Lone Wolf v. Hitchcock (1903)

Author: Edward Douglass White

Topic: Powers of Congress

Plenary authority over the tribal relations of the Indians has been exercised by Congress from the beginning, and the power has always been deemed a political one, not subject to be controlled by the judicial department of the government.


U.S. v. Wong Kim Ark (1898)

Author: Horace Gray

Topic: Immigration & National Security

The Fourteenth Amendment affirms the rule of citizenship by birth within the territory, in the allegiance, and under the protection of the U.S., including most children born here to resident foreign nationals.


Westinghouse v. Boyden Power Brake Co. (1898)

Author: Henry Billings Brown

Topic: Patents

Even if the patentee brings the defendant within the letter of their claims, infringement should not be found if the defendant has so far changed the principle of the device that the claims of the patent, literally construed, have ceased to represent their actual invention.


Allgeyer v. Louisiana (1897)

Author: Rufus Wheeler Peckham

Topic: Due Process

In the privilege of pursuing an ordinary calling or trade, and of acquiring, holding, and selling property, must be embraced the right to make all proper contracts in relation to it.


Chicago, Burlington & Quincy Railroad Co. v.
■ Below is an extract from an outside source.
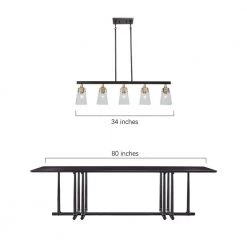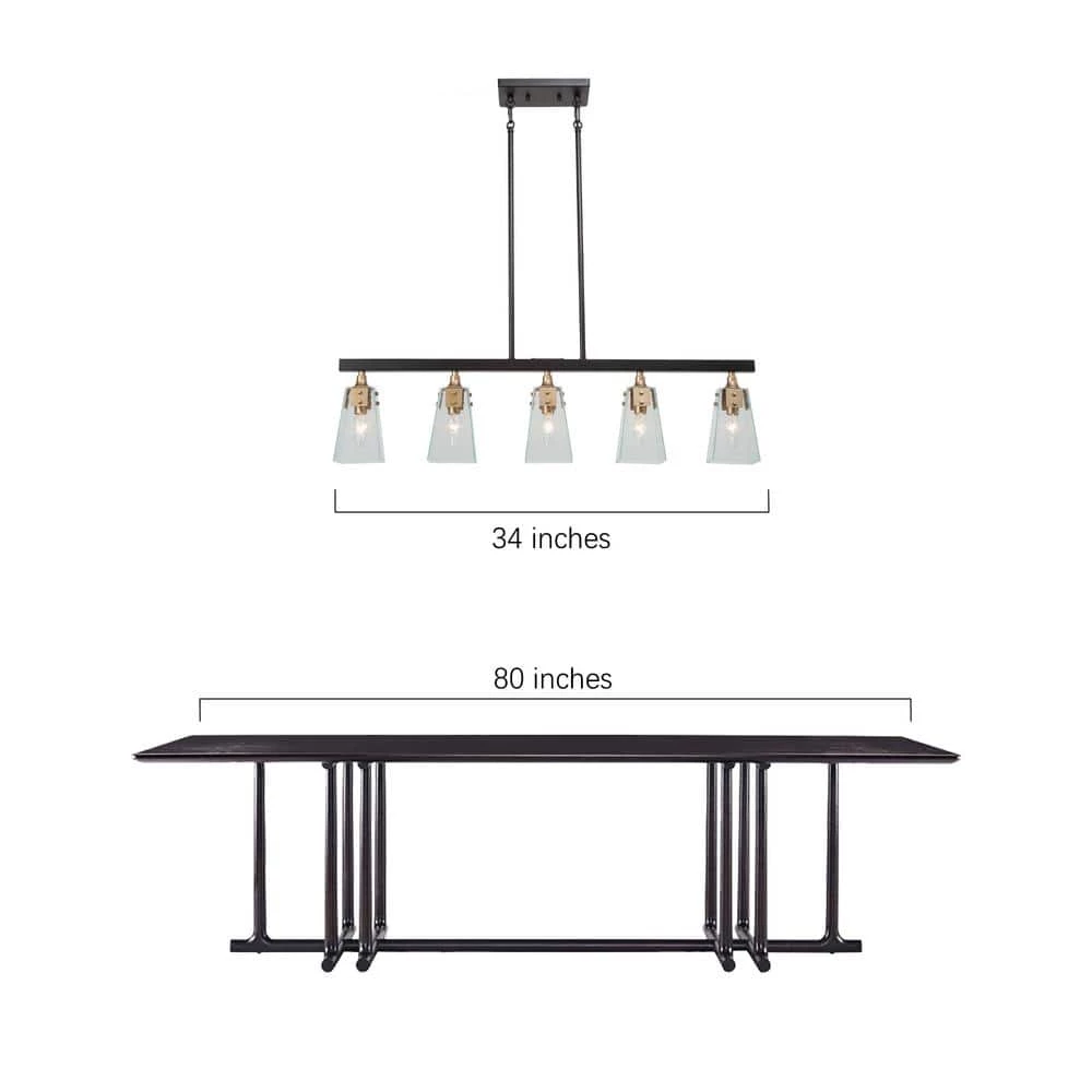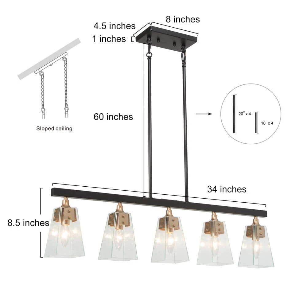 - DIMENSIONS: Overall measures 3.5 in. D x 34 in. W x 8.7 in. H, rectangle canopy 8 in. W x 1 in. H x 4.5 in. D, adjustable downrods 4 x 20 in. L & 4 x 10 in. L. This 5-Light Island Chandelier Light Fixture is ideal for the dining room, kitchen island,foyer/entryway and more

Chicago (1897)

Author: John Marshall Harlan

Topic: Property Rights & Land Use; Due Process

A judgment of a state court, even if authorized by statute, whereby private property is taken for public use without compensation made or secured to the owner, is wanting in the due process of law required by the Fourteenth Amendment.


Plessy v. Ferguson (1896)

Author: Henry Billings Brown

Topic: Equal Protection

A law that authorizes or even requires the separation of the two races in public conveyances is not unreasonable. (This decision essentially applied rational basis review to what would now be considered a suspect classification and was overturned by Brown v. Board of Education.)


Wong Wing v. U.S. (1896)

Author: George Shiras, Jr.

Topic: Immigration & National Security

All persons within the territory of the U.S. are entitled to the protections of the Fifth and Sixth Amendments. Foreign nationals cannot be deprived of life, liberty, or property without due process of law, nor may they be held to answer for a “capital or other infamous crime” unless on a presentment or indictment of a grand jury.


Fong Yue Ting v. U.S. (1893)

Author: Horace Gray

Topic: Immigration & National Security

An order of deportation is not a punishment for a crime, and this does not deprive a foreign national of life, liberty, or property without due process of law. Deciding whether foreign nationals may be permitted to stay in the U.S. falls within the authority of the political departments of the government, and courts cannot express opinions on the wisdom, policy, or justice of measures enacted by Congress in this area.


Nishimura Ekiu v. U.S. (1892)

Author: Horace Gray

Topic: Immigration & National Security

It is not within the province of the judiciary to order that foreigners who have never been naturalized, nor acquired any domicile or residence within the U.S., nor even been admitted into the U.S. pursuant to law, shall be permitted to enter in opposition to the constitutional and lawful measures of the legislative and executive branches of the national government.


Chae Chan Ping v. U.S. (1889)

Author: Stephen Johnson Field

Topic: Immigration & National Security

The power of Congress to exclude foreign nationals from the U.S. is an incident of sovereignty that cannot be surrendered by the treaty-making power.